Добавить в цитаты Настройки чтения

Страница 11 из 68

— Кто же царем станет после? Неужто юродивый царевич Федор?

Щелкалов опустил голову, тяжко вздохнул.

— Ох, не сносить мне головы, — проговорил он. Хоть он и доверял давнему другу, ибо Иван Шереметев и сам был осторожен и неглуп далеко, но в сие страшное время, ежели выяснится, что приближенный к государю дьяк выдает придворные тайны — обоим им уготована плаха.

— Ты знаешь меня, я не скажу никому, — пристально глядя на друга, молвил Шереметев. Он чувствовал, что хмель его отпустил полностью — выветрился разом от столь пугающих вестей.

— Государь и сам хочет оставить трон, — поднял глаза Щелкалов. Какое-то время они молча глядели друг на друга, и Шереметев, осознав сказанное, вопросил:

— Кто же… царем станет?

— Решил государь наказать всех нас, изменников и корыстолюбцев, — со вдохом проговорил Щелкалов, — и вздумал царем сделать Симеона Бекбулатовича…

— Саин-Булата? — выпалил Шереметев, снеся огромной рукой своей опорожненные чарки. Он, касимовский хан, ныне станет государем… Как?

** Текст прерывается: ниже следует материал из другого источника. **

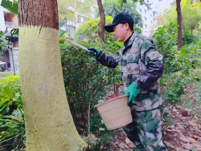 重慶合川訊(通訊員 湯英勇)隨著氣溫的逐漸下降,園林植物開(kāi)始進(jìn)入冬季生長(zhǎng)休眠期,為強(qiáng)化綠化植物養(yǎng)護(hù)管理,全力確保綠化植物安全越冬,近日,冬季樹(shù)木刷白防護(hù)工作全面啟動(dòng)。宜邦物業(yè)園林工作搶抓天氣晴好的有利時(shí)機(jī),對(duì)御龍灣小區(qū)內(nèi)所有的樹(shù)木進(jìn)行涂白防護(hù)。
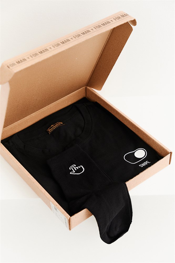 Подарочный набор СВАЙП. Черная мужская футболка с принтом и носки с принтом подчеркнут вкус и чувство юмора. Подарочный набор упакован в крафтовую коробку с тематическим принтом. Футболка из 100% хлопка подойдет для повседневной носки и для выхода из дома. Мужская футболка подойдет для занятий спортом и для активных прогулок. Футболка будет отлично сидеть практически на любой фигуре. Носки подойдут к любой одежде и обуви. Изготовлены из высококачественного хлопка, который отлично впитывает влагу, пропускает воздух и подходит даже для самой чувствительной кожи. Хорошо сохраняют форму и цвет, устойчивы к истиранию. Подарочный набор СВАЙП будет отличным подарком второй половинке, близкому другу, отцу и дедушке. Размер носков 40-47.

— Тише! Тише! — сквозь зубы зашипел Щелкалов. Шереметев, словно опустошенный, откинулся к стене, упершись невидящим взором куда-то перед собой. Саин-Булат… Тот самый, что собственной глупостью, будучи ничтожным воеводой, привел к поражению русскую рать в сражении со шведами при Лоде два года назад, где погиб Иван Андреевич Шуйский, также близкий друг Ивана Меньшого[9]… Боярин видел Саин-Булата однажды, помнил его гордо-заносчивое гладкое лицо, узковатые степные глаза… И всю Россию… ему? Как же так?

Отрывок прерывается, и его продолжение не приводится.